松平春嶽・・・開明的藩政指導行うが、幕政参画後は“労”報われず

 御家門筆頭の国持大名として家格が高かった越前松平家の養子となり、第十六代越前福井藩主となった松平慶永(のちの春嶽)は、藩政改革に着手、積極的な人材登用、殖産興業・富国強兵による藩財政の立て直しを推進した。だが将軍継嗣問題で井伊直弼らと激しく対立し、隠居・謹慎処分を受けることになる。そこで彼は家督を養子茂昭に譲り、一時は5年にも及ぶ謹慎生活を送った。

だが、春嶽は井伊大老亡き後、見事に復活、幕府の要職に復帰する。幕府から政事総裁職を拝命、幕政に参画したのだ。そして、・参勤交代制の緩和・洋式軍制の採用・幕府職制の改正・京都守護職の新設-などを実施。第十四代将軍家茂による229年ぶりという将軍上洛を実現させた。

ただ、幕末の開国と攘夷、倒幕派勢力の台頭と幕府安泰・朝廷尊崇の理念の狭間で、春嶽の行動自体が振り子のように揺れ動き、そのために当事者たちに絶対の信頼を得られなかったためか、調停役としての春嶽の多くの“労”は報われなかった。
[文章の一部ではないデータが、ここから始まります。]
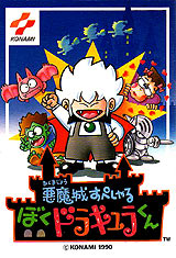 Les jeux vidéo ont le sens de l'humour, à condition, bien sûr, que ceux qui les conçoivent n'en manquent pas. Rare, Nintendo, Hudson, sont des compagnies qui font fonctionner nos muscles zygomatiques avec succès, plus, par exemple, que Capcom, Electronic Arts ou Square. Toutefois, l'éditeur qui peut se vanter d'avoir été le plus grand comique, pour ne pas dire bouffon, de ce qui correspond aujourd'hui aux années du rétrogaming, est Konami. Konami aimait tellement nous faire rire qu'ils se faisaient rire eux-mêmes en créant tous ces jeux absurdes et délirants qui parsèment leur prolifique carrière. Beaucoup de ces titres malheureusement ne sont jamais parvenus jusqu'en France, ni même jusqu'aux Etats-Unis, donnant une image beaucoup plus sérieuse de l'éditeur, qu'ils s'efforceront de vraiment devenir à l'avènement du graphisme 3-D. Il y a eu les parodies de shoot'em up avec Parodius et TwinBee, une savante konamiaiserie intitulée Wai Wai World, leurs adaptations réussies des Tiny Toons, et les deux ninja farceurs, Goemon et l'ineffable Ebisumaru. Ce dernier est un peu le symbole du rire made in Konami, il a d'ailleurs son faciès ahuri estampillé sur une pièce d'or géante dans Kid Dracula. Le jeu que nous testons aujourd'hui ne s'appelle pas vraiment Kid Dracula, son nom est beaucoup plus compliqué, Akumajou Special: Boku Dracula-kun. Adapté et traduit par nos soins, cela donne "Special Castlevania: J'chuis Dracula", car on y trouve en effet le nom japonais de Castlevania et un ton léger qui suggère la bonhomie, loin des titres déclamatoires un peu surfaits des Castlevania modernes (Dawn of Sorrow, Portrait of Ruin, ô quel lyrisme !). Il s'agit bien d'une cartouche Famicom humoristique, pas forcément si parodique, les références à Castlevania étant moins nombreuses en réalité que celles faites à Gradius dans Parodius. Toutes sont condensées dans le premier niveau, dont nous vous invitons à voir le plan dans le supplément en haut de page. Pour faire simple, nous commettrons une petite transgression et l'appellerons donc Kid Dracula, ce qui aurait sans doute été son titre s'il était sorti en France, parce que sa suite sur Game Boy, qui a elle reçu une distribution internationale, se nommait ainsi. Ce petit Dracula est évidemment un gamin vampire, qualificatif plus protocolaire que biologique puisqu'il se balade en plein jour et ne suce le sang de personne. Il ramasse quand même des coeurs, activité morbide à laquelle se livre aussi Link et bien d'autres héros de jeux vidéo qui ne sont pas des vampires pour autant. Même sa méthode de combat est indigne de sa race puisqu'il tire des boules de feu de ses mains. Un papa vampire et une maman vaisseau spatial peut-être ? Ses attaques ressemblent en effet de manière troublante à celles d'un shoot'em up. Son tir de base peut se charger, et, après les deux premiers niveaux, il en reçoit de nouveaux qu'on sélectionne avec Select, des "homing no tama" (japonglais pour boules à tête chercheuse) et un tir explosif. Konami a du mal à se débarrasser des habitudes prises avec Gradius. Heureusement, un peu plus loin, on nous offre finalement des pouvoirs spéciaux, l'un d'eux permet de se transformer en chauve-souris, ce qui est le moins que l'on puisse attendre d'un vampire, tandis que l'autre permet de marcher au plafond. Tous deux sont limités en temps mais sont néanmoins plutôt cool. Avec sa coupe de cheveux hirsute digne de Sangoku, ses yeux plissés comme un renard rusé, ses souliers vernis et ses culottes courtes à bretelles, Kid Dracula ne ressemble pas vraiment à son père, dont il ne porte que la cape de velours. Car, d'après le scénario, ce gamin est bien le fils du comte. S'il sort de son cercueil, c'est pour aller botter l'arrière-train d'une bande de vilains à face de dino ressemblant quelque peu au King Drool de PC Kid et menés par un certain Garamoth. Il y a neuf niveaux à traverser et tous seront très familiers aux fans de plates-formes. Après le château de Castlevania qui ouvre le jeu, on se retrouve dans un second niveau perché dans les nuages. Lui succède un niveau aquatique, un autre enneigé, puis une ville, un désert, un bref passage dans l'espace, un bâteau volant, et on termine par un neuvième stage futuriste. Curieusement, les niveaux de Kid Dracula évoquent moins les productions Konami que celles de Capcom et Nintendo. A certains moments on a du mal à s'empêcher de penser à Mega Man ou à Duck Tales, voire même aux environnements de Super Mario Bros. 2 et 3. Passé le premier niveau, on ne pense en tous cas plus du tout à Castlevania. Malgré sa créativité, ces "souvenirs venus d'ailleurs" occasionnent une petite gêne; on ressent un manque de personnalité que le graphisme inférieur aux productions sus-citées n'aide pas à atténuer. Il y a toutefois des moments de grâce, comme le cinquième niveau, la métropole. On ne tarde pas à s'en rendre compte, il s'agit d'une ville américaine, on y croise tout ce que l'esprit d'un public étranger abreuvé de culture populaire et en proie à un délire hallucinatoire aurait pu y caser: des extra-terrestres à grosse tête tombant de minuscules ovnis, un homme-araignée bondissant, un King Kong de la taille d'un singe lançant des avions miniatures, le tueur de Vendredi 13 arpentant le métro (décidément, il aura inspiré du monde) et un boss pas comme les autres. Ce n'est rien de moins que la Statue de la Liberté qui vous attend au bout du niveau, et, plutôt que de taper sur sa tête de métal, c'est elle qui pose sur la tête de Kid Dracula le chapeau de l'oncle Sam pour vous obliger à participer à un quiz, tout en japonais, sous la bannière étoilée. Une idée loufoque dont Konami se sert aussi dans Goemon. Des jeux, on en trouve aussi entre chaque niveau, animés par un présentateur à la coiffure changeante. Tout ennemi pulvérisé par le tir chargé laisse derrière lui une pièc

 松平慶永は徳川御三卿、田安家三代斉匡の八男として生まれた。母は閑院宮家木村某の娘礼井。幼名は錦之丞。徳川第十二代将軍家慶の従弟。天保9年、11歳のとき将軍の命で越前福井藩32万石の藩主・松平斉善(なりさわ)の養子となり、斉善の病没後を継承、藩主となった。将軍家慶の一字を賜り慶永、元服して越前守を称したが、隠居後、生涯愛用した雅号「春嶽(しゅんがく)」の方が有名だ。春嶽の生没年は1828(文政11)~1880年(明治23年)。

 福井松平家の藩祖・秀康は徳川家康の次男で、嫡男信康早世後、三男秀忠の唯一の兄で、豊臣秀吉の名をもらって結城家に養子に出されていなければ、家康の後継男子としては最年長だった立場だ。慶永は16歳で初入国し、90万両の負債を抱えた福井藩財政立て直しのため、近侍御用役に股肱の臣、中根雪江をはじめ、村田万寿、若手の逸材、橋本左内、三岡三四郎(後の由利公正)らを登用。また、「国是三論」を著した横井小楠を熊本から顧問として招き、洋式兵制の導入や種痘館、藩校明道館を創設。殖産興業策を推進して開明的藩政指導を行った。

 春嶽は幕末、幕政に参画してからは島津久光、山内容堂、伊達宗城らとともに有力賢候の一人として一目置かれたが、労多くあまり成果は挙げられなかった。彼の持論でもあった政権返上は、土佐の懸案を容れた大政奉還奏上によって実現、次いで王政復古の大号令が発せられる。ここで十五代将軍徳川慶喜の「辞官納地」が挙げられると、春嶽は徳川家のために抗議、慶喜の朝政参加を図ろうと努めたが、鳥羽伏見の戦いが勃発。遂に慶喜は朝敵となって政治復権の道は断たれた。

 春嶽は維新後、明治新政府側において徳川家の救済に尽力。内国事務総督、議定となり、明治2年、民部卿、大蔵卿を兼ね、大学別当兼侍続となった。だが、明治3年、一切の官職を辞して以後、文筆生活に入った。「逸事史輔」などの幕末維新史の記録、武家風俗史上、貴重な著述類を執筆。また伊達宗城らと「徳川礼典録」を編纂、注目すべき業績を残した。